Dr. Unk says the opportunity to transfer to the program “fits well with the disease-specific direction I wanted to take in my career.” Dr. Unk has been involved in multi-center clinical medication investigations for 20 years. Her focus is on osteoporosis and treatment adherence.
Dr. Unk, who earned her doctoral degree in nursing in 2011 at the University of Missouri, notes the advancements in the treatment of bone health as in rheumatology. With her move to the new division, patients will “benefit by having specific focus on their bone quality by an experienced rheumatology nurse practitioner,” she says.
Elena Hitrava, MD, PhD, Named Chief Medical Officer at Crescendo Bioscience
Elena Hitrava, MD, PhD, became the chief medical officer of Crescendo Bioscience on Oct. 1. In her new role, she will lead efforts to provide professional education initiatives and to expand market access for Vectra DA, the multi-biomarker blood test that measures rheumatoid arthritis disease activity, and for the company’s pipeline of autoimmune products.
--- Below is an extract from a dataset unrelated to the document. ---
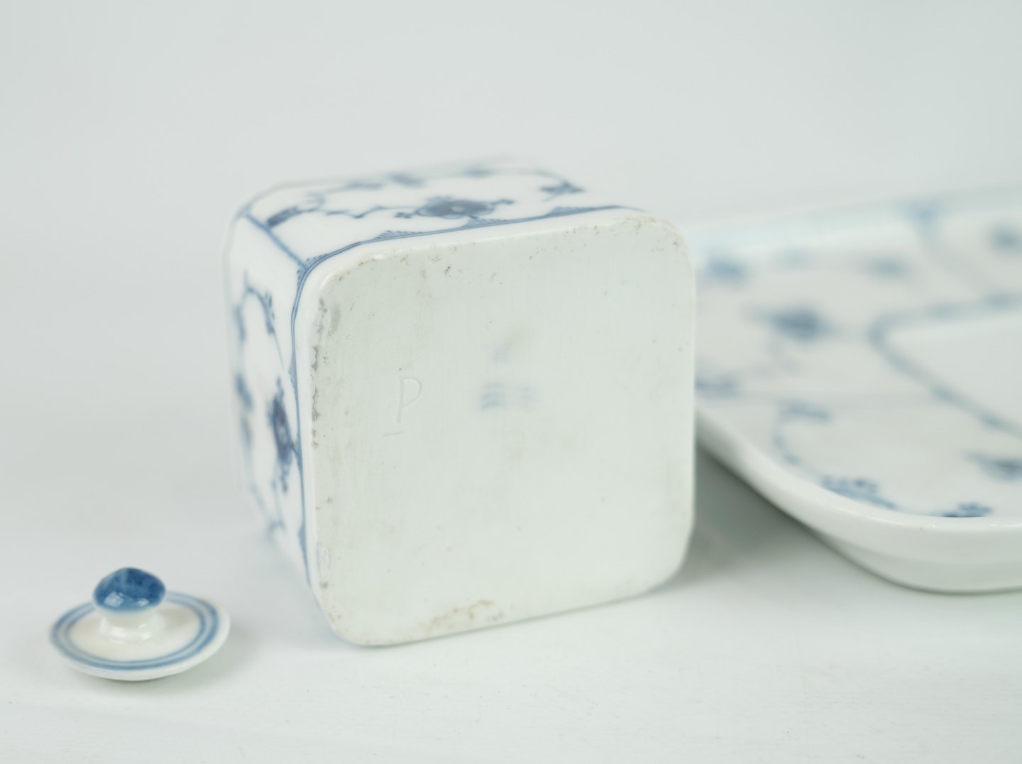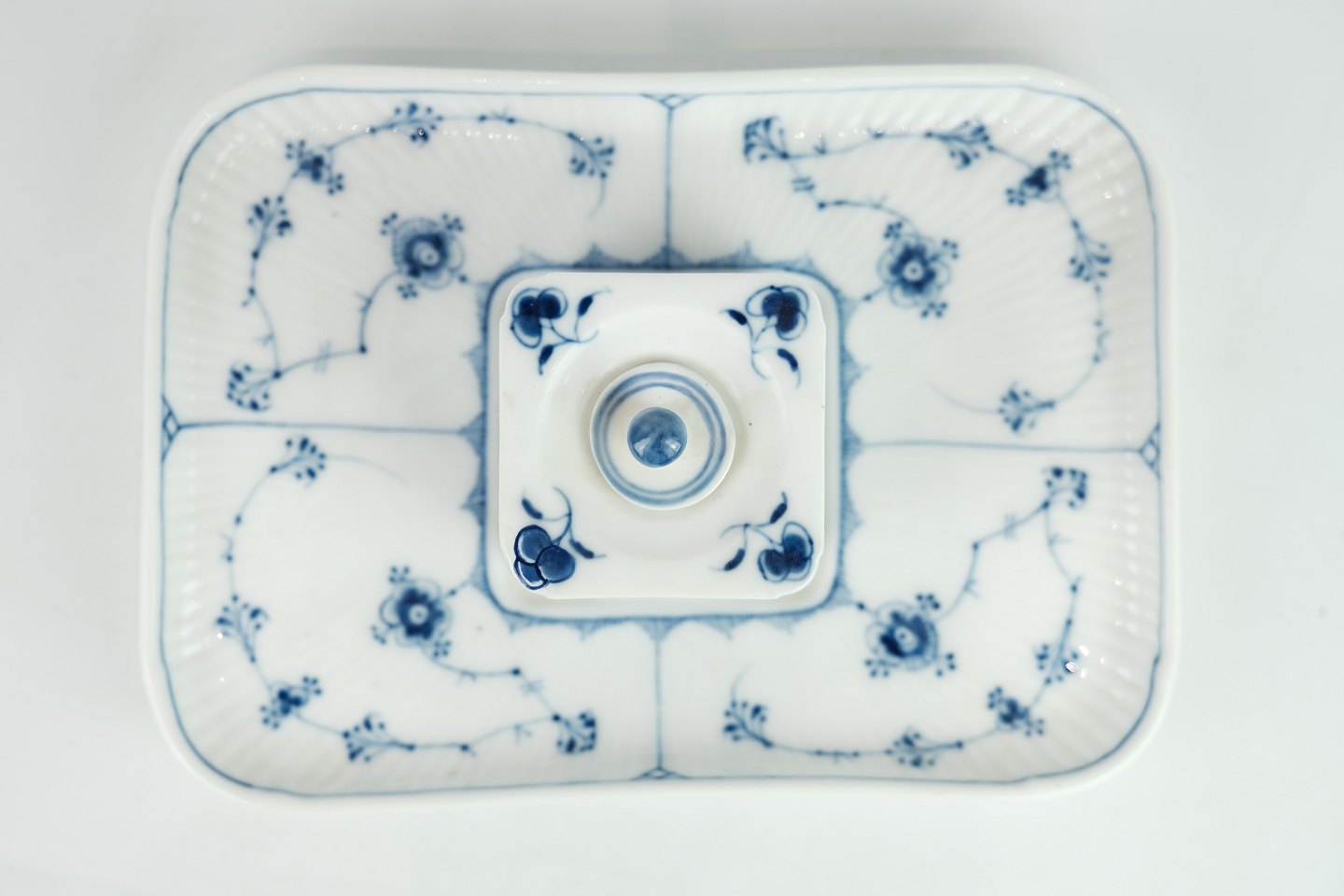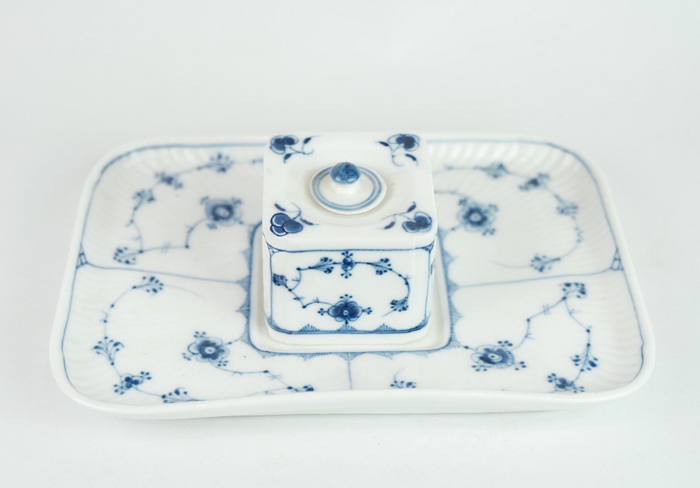 SolgtRoyal Copenhagen kongelig Musselmalet Riflet Bakke / skrivesæt med Blækhus og låg. Nr. 1/128

Dr. Hitrava says that her new role on the company’s leadership team “is a wonderful time to join Crescendo, with its commitment to developing and commercializing innovative molecular tests that are opening the doors to personalized medicine for patients with RA and other autoimmune diseases.”
Over the past 11 years, Dr. Hitrava held several leadership positions at Genentech; most recently, she served as group medical director of rheumatology/immunology for the Genentech/Roche group. Prior to her work at Genentech, Dr. Hitrava was regional director of medical affairs for immunology at Centocor.
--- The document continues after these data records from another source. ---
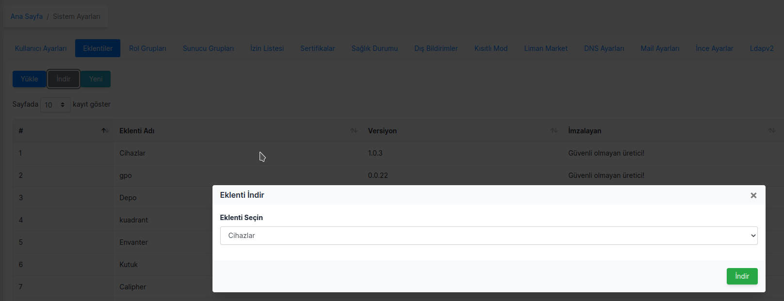 "Eklenti Geliştirici Modu" açıldıktan sonra Sistem Ayarları içerisindeki "Eklentiler" tab'ında eklentiler indirilebilir duruma gelecektir. Bu şekilde "**İndir**" butonuna basıp eklentiler tek tek indirilebilmektedir.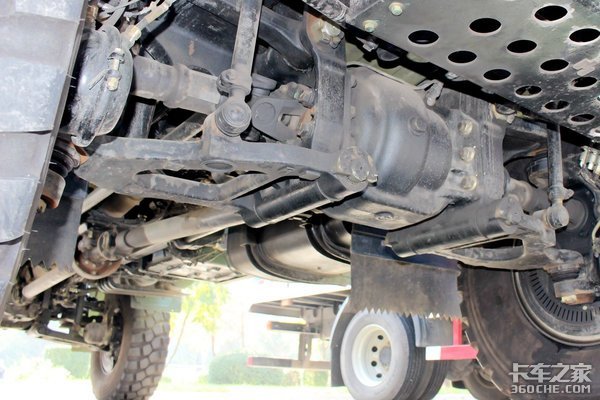 横拉杆在桥壳之后,而且横拉杆的位置高于桥壳的底部。这样遇到障碍物的时候,是桥壳受力或者把障碍物撞开,对后面的转向横拉杆起到保护作用。这样避免由于横拉杆变型或者脱落导致的转向失效。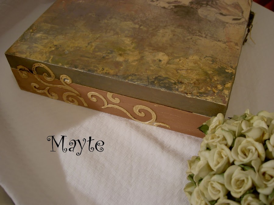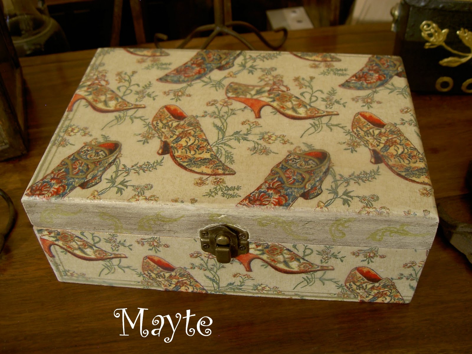 ¿Tienes una caja y no sabes como decorarla? Hoy te enseño unas cuantas que hemos decorado en clase. Las han hecho de todos los estilos Con aluminio... Pintadas a mano.... Con papel de decoupage y pintura.... con plomo, estuco y papeles.... con metal repujado..... con goma eva..... con siluetas de madera.... decapadas.... y muchas mas que os enseñaré en otro momento. Besos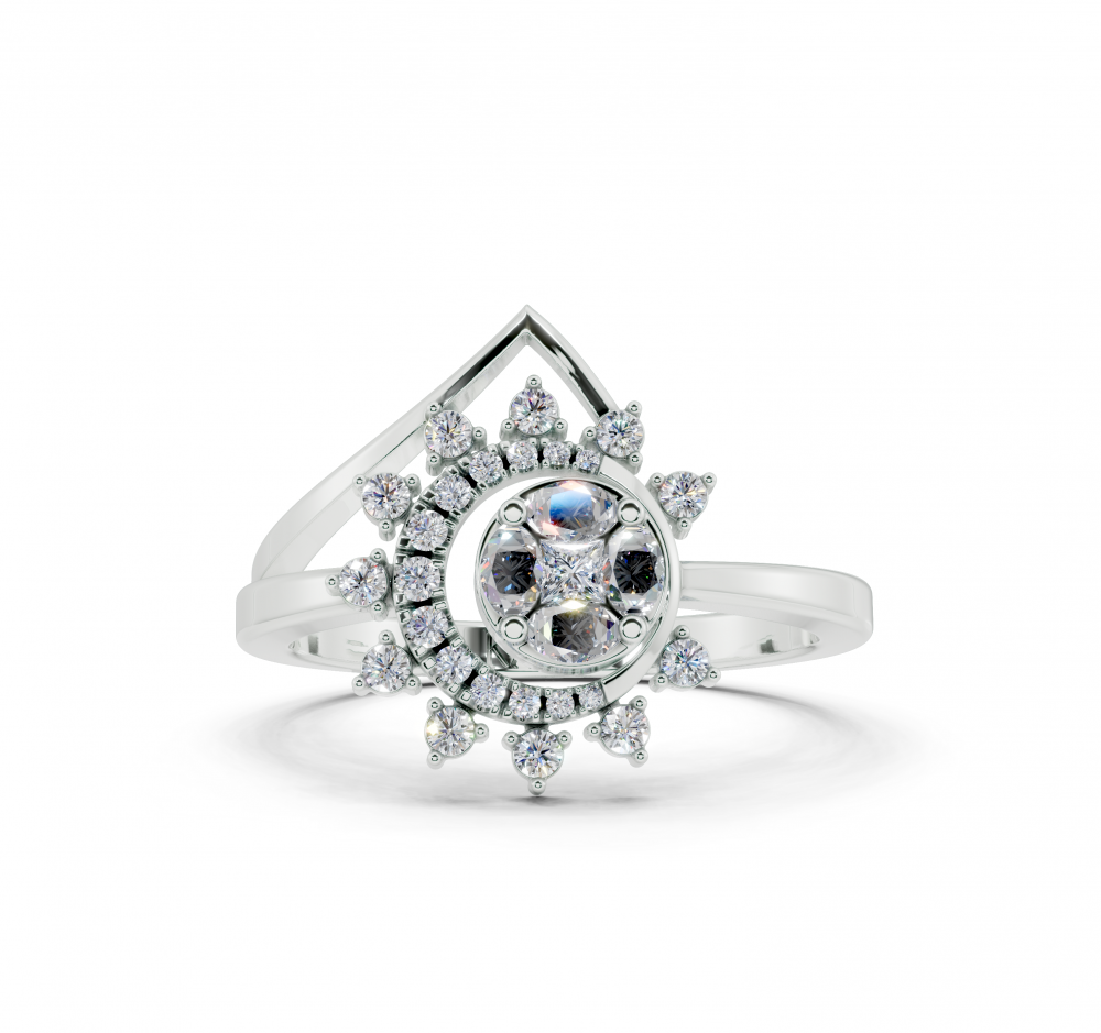 14K white gold ring with 0.10ct Marquise Cut diamonds, a 0.05ct Princess Cut diamond and 0.15ct round diamonds. The weight of the ring is approximately 3.50 grams. The ring can also be made to order in 18K gold. We can modify the design according to your budget.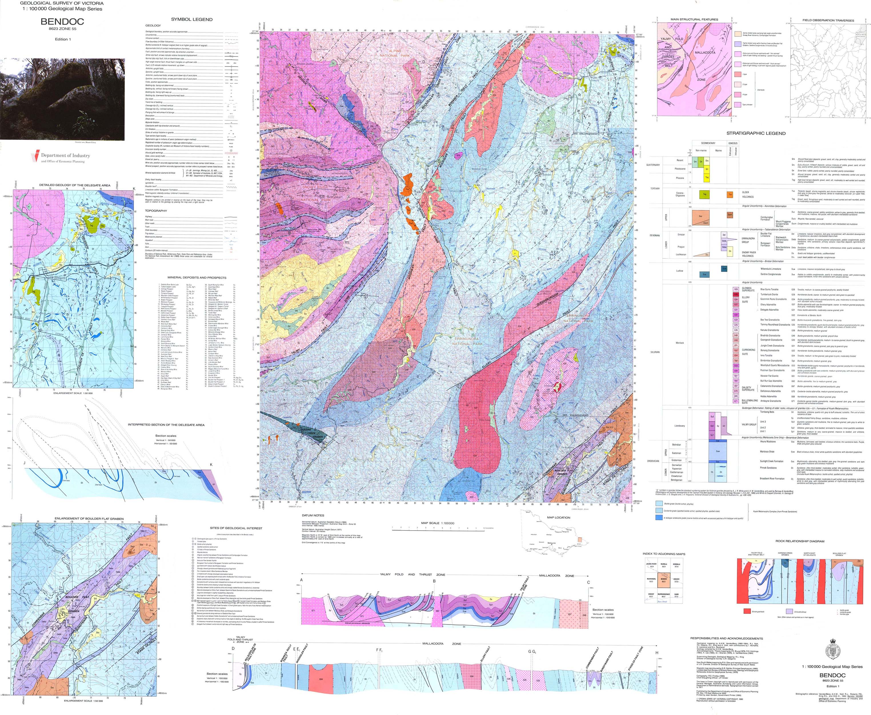 The 1990 Bendoc map was also the first Geological Survey of Victoria map to illustrate, in an accompanying cross-section, the new concept of thin-skinned tectonics.

Dr. Hitrava received her medical degree from Semmelweis Medical University in Budapest, she received her doctoral degree in clinical rheumatology from the Institute of Rheumatology of the Russian Academy of Medical Sciences in Moscow, and she completed a postdoctoral fellowship in molecular biology at Thomas Jefferson University in Philadelphia.
Richard H.C. Lai, MD, Joins Great Falls Specialty Center
Richard H.C. Lai, MD, who recently completed a fellowship in rheumatology at the Medstar Washington Hospital Center in Washington, D.C., has joined the Great Falls Clinic in Montana and began seeing patients in mid-October.
After earning a medical degree from the University of SintCQ Eustatius School of Medicine in Cole Bay, St. Maarten, Dr. Lai spent one year in post-graduate clinical research at Johns Hopkins University and completed a residency in internal medicine at Medstar Franklin Square Medical Center in Baltimore.
Dr. Lai is board eligible in internal medicine and rheumatology and carries an active certification in sonography.
Kathy L. Holliman, MEd, is a medical writer based in Beverly, Mass.